Kini Farhat telah menikah dengan wanita yang diyakini sebagai jodoh yang telah ditetapkan Tuhan untuknya. Hidup bahagia dengan dikaruniai dua anak membuatnya tidak lagi terpikirkan pengalaman pahit yang pernah dialaminya.

Bujeting anggaran juga menjadi kendala Rian (27), warga Tarakan yang tahun depan berencana akan menikahi kekasihnya. “Betul sekali, sejauh ini bujetinglah yang menjadi kendala dalam melaksanakan pernikahan,” tuturnya.

Sejauh ini, Rian baru mengumpulkan 10 persen dari biaya pernikahan yang direncanakan akan dilangsungkan tahun depan. “Saya sempat menanyakan kepada beberapa teman saya yang sudah menikah, rata-rata bujet untuk melaksanakan pernikahan paling sedikit Rp.50 juta, belum lagi ditambah biaya-biaya tak terduga yang harus disiapkan yang jumlahnya juga tidak sedikit,” tuturnya.

Diakuinya, biaya pernikahan merupakan masalah klasik yang dihadapi setiap pasangan yang akan menikah.
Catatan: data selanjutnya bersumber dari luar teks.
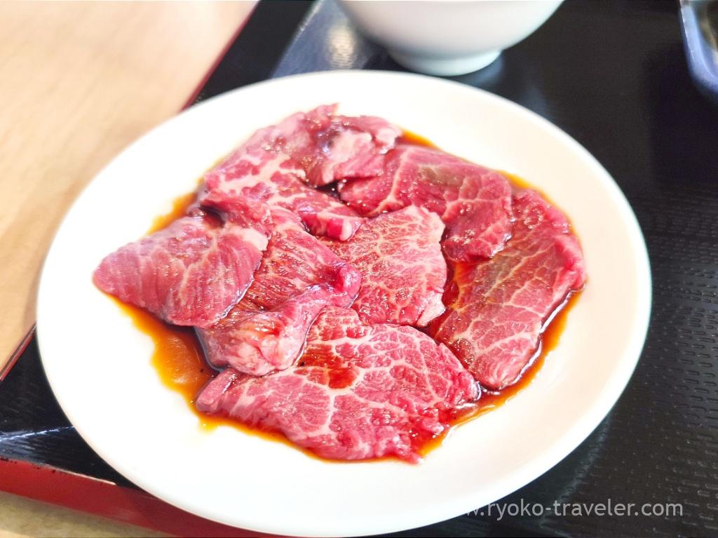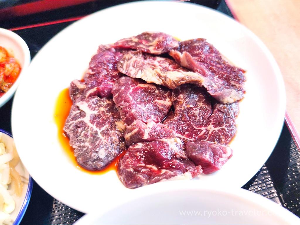 The staff said the amount of it is as same as one that is served as leftover fresh Japanese beef meat set. It was cut thinner, but delicious. Soft. I was surprised at that it cost only 500 yen with rice and so on. And if you order glass beer, it cost within 1000 yen. Wow..
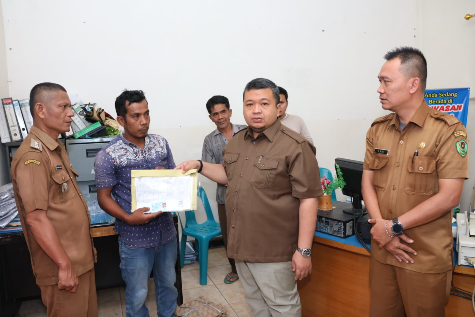 Bupati didampingi Kaban Kesbangpol, Camat Angkola Barat, Kabid Linjamsos (Dinas Sosial Tapsel), dan Lurah Simatorkis.
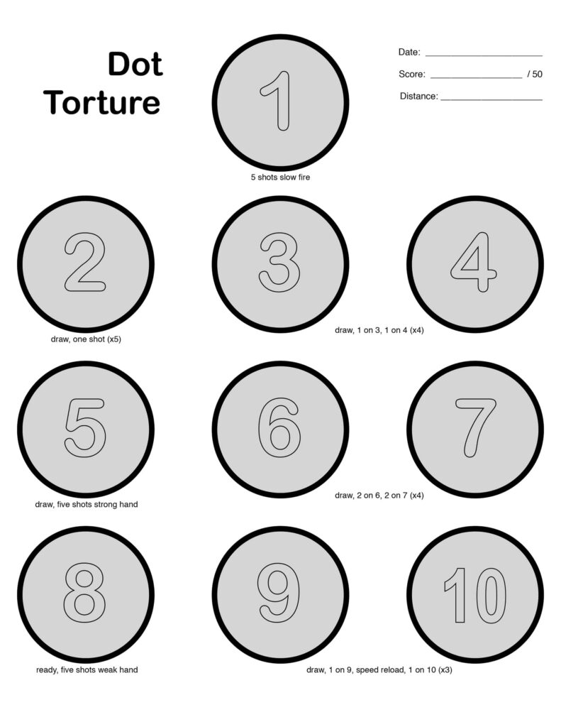 Dot Torture targets consist of ten 2-inch dots on a piece of printer-sized paper. They are sold everywhere, but they are most commonly printed. Dot Torture targets are a fifty-round training evolution that works the most basic skills in the handgun world. There are variants for DA/SA guns, snub-nose revolvers, rifles, and more.
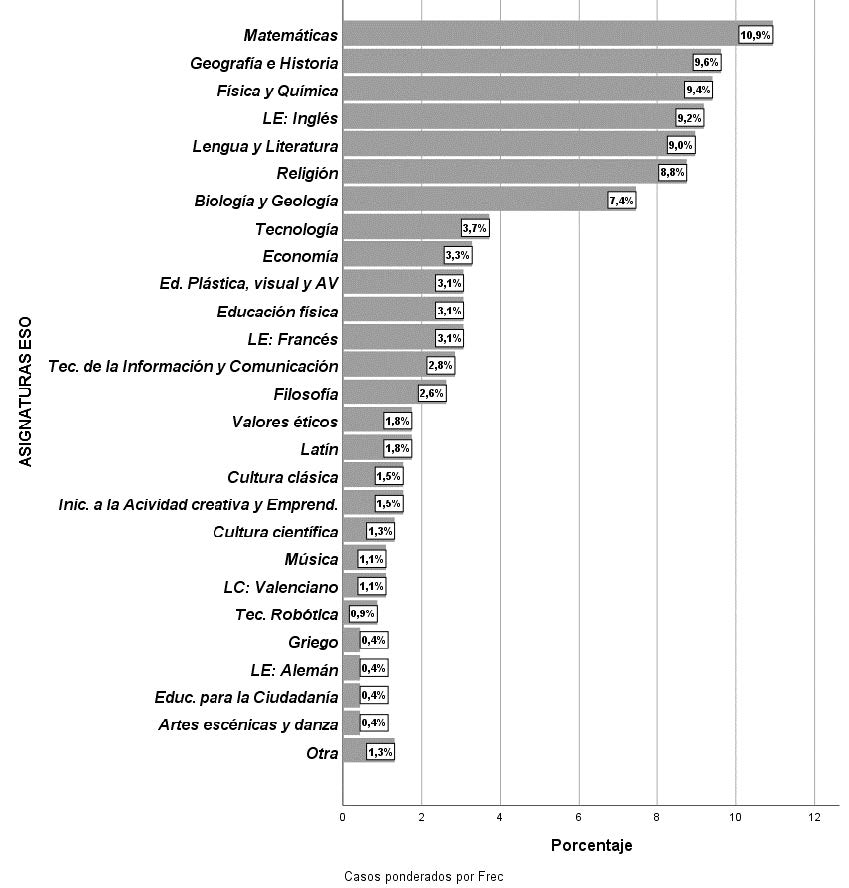 Así mismo, el número de asignaturas que imparten y aplican la metodología ABP, ítem que toma valores en el rango de entre 1 y 5, con mediana en 1 sola asignatura que fue la respuesta más frecuente (52.3%; 146), seguida de: 2 asignaturas (34.4%; 96), acumulando ya al 87.1% del total, por tanto, el restante 12.9% imparte 3, 4 o 5 materias diferentes, siendo el número medio de 1.64 asignaturas (IC al 95%: 1.54–1.73; con desviación estándar: .81); y la asignatura que imparten los mismos, aumentando el número de respuestas hasta las 457 por esta connotación de multi-respuesta, reflejadas en la figura 3. A partir de la misma, se observa que los más representados son los profesores de Matemáticas (10.9%; 50); seguidos de un grupo que está presente de forma muy similar con margen entre un 9% y 10% de respuestas: Geografía e Historia (9.6%), Física y Química (9.4%), Inglés (9.2%), Lengua y Literatura (9.0%) y cercano al 9%, como resulta con Religión (Educación Religiosa Escolar, ERE) (8.8%). Le sigue, Biología y Geología (7.4%) y el resto de las asignaturas están ya por debajo del 4%.
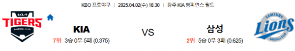 4월2일 18:30 기아 VS 삼성

Rian sebenarnya ingin menggelar acara pernikahan secara sederhana yang cukup dihadiri keluarga terdekat saja.

“Inti dari pernikahan itu sebenarnya untuk menyempurnakan ibadah kita sebagai umat Islam, namun karena ini merupakan momen yang bersejarah bagi kami berdua pasti kedua belah pihak keluarga menginginkan resepsi pernikahan mengundang orang yang dikenal untuk hadir dalam pernikahan anaknya,” tuturnya.

Namun Rian sedikit beruntung jika dibandingkan Farhat. Sebab keluarga calon istrinya tidak menuntut uang jujuran. “Hanya biaya pernikahan saja dan alhamdulillah keluarga juga ikut membantu,” ucapnya.
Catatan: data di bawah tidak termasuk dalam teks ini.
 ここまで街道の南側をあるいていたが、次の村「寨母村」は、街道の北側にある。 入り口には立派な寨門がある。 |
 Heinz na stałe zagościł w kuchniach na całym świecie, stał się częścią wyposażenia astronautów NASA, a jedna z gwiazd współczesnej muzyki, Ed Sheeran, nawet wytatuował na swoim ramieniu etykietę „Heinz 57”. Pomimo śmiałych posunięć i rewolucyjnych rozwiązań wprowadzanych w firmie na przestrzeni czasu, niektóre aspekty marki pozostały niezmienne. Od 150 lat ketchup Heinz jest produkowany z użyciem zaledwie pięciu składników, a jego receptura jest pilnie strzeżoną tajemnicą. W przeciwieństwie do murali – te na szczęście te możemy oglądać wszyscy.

Sejauh ini, Rian masih berusaha mengumpulkan uang untuk pernikahannya dengan bekerja sebagai karyawan salah satu perusahaan swasta di Tarakan. Memang mengumpulkan semua biaya untuk pernikahan tidak mudah karena harus menyisihkan gaji untuk keperluan biaya nikah dan pribadi.

“Dengan penghasilan Rp 3 juta saya harus pintar-pintar menyisihkan uang, terlebih pekerjaan saya adalah pekerja lapangan yang pastinya membutuhkan biaya untuk operasional kendaraan. Sempat pesimis sih tidak bisa mengumpulkannya. Tapi kalau mencoba dan mempunyai niat pasti ada jalan,” tuturnya.
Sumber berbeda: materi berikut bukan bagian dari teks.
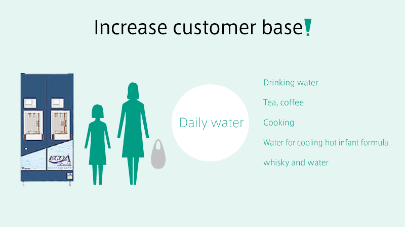 Pure water dispensed into specially provided plastic bottles can be used as safe drinking water. Because it is soft water, it is well-suited for cooking. Customers of all ages can use pure water in a wide variety of ways, such as brewing tea and coffee, watering whisky and other drinks, and cooling hot infant formula, so providing pure water as a continuous service is a sure way to increase the frequency of store visits.
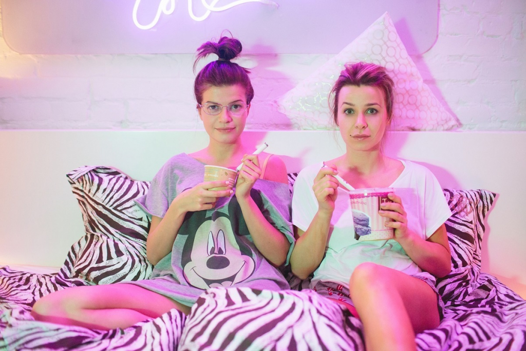«Ксюша отлично знает, что такое виски сауэр, коктейль «Маргарита» или текила бум, поэтому перед съемками я наблюдала за людьми в баре, как меняется их жестикуляция, в зависимости от степени опьянения и выбора напитка. Кроме того, для каждой из героинь я всегда подбираю разные жесты. И, кстати, кое-что Ксюша одолжила у Майли Сайрус. А нетрезвое состояние передать не так сложно: например, через глубину дыхания, смещение фокуса внимания, а еще можно икать, путать слова».
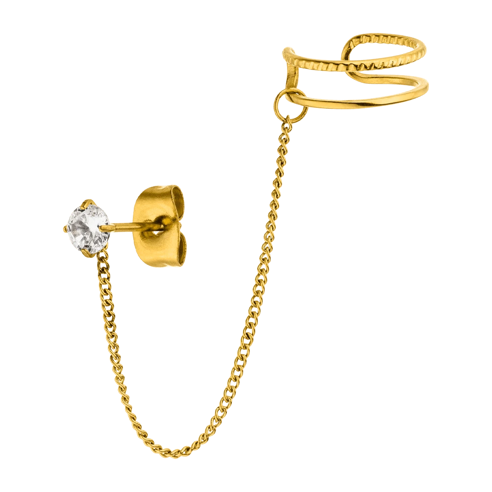 Dieser Bright Diamond Ohrstecker mit Earcuff ist durch eine filigrane Kette mit einem Ohrstecker verbunden und sorgt für einen glamourösen Auftritt. Der funkelnde Zirkonia-Stein setzt dem ein extra Highlight.
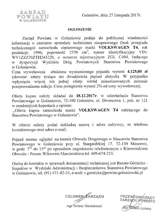 OGŁOSZENIE ZARZĄDU POWIATU W GOLENIOWIE
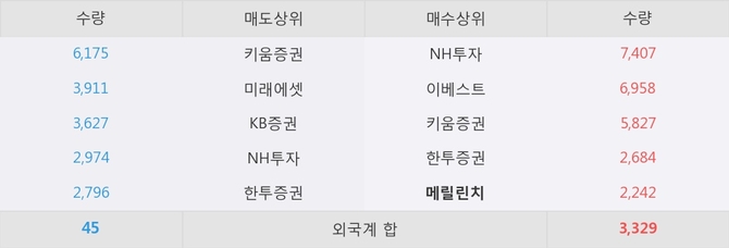 거래원 동향은 메릴린치, NH투자가 매수 상위 목록에 나타나고 있다.

Sejauh ini pasangannya sangat mendukung dirinya dalam mencari biaya untuk pernikahannya. Bahkan pasangannya sempat menawarkan diri untuk ikut membantu menyisihkan gajinya untuk tambahan biaya pernikahan. “Kebetulan pasangan saya juga bekerja, jadi sama-sama mencari biaya untuk pernikahan,” ucapnya.

Sejauh ini persiapan yang sudah dilakukan Rian bersama pasangannya sudah berjalan lancar, mulai dari ketemu dengan masing-masing keluarga hingga membicarakan rencana pernikahan.

Kisah Farhat dan Rian memang cukup membuat dahi berkerut. Namun pengalaman yang diceritakan Lia, juga warga Tarakan cukup menarik.

Karena mahalnya biaya pernikahan, Lia (24) mengaku kekasihnya rela menjual beberapa barang miliknya demi memenuhi uang jujuran yang disyaratkan keluarga.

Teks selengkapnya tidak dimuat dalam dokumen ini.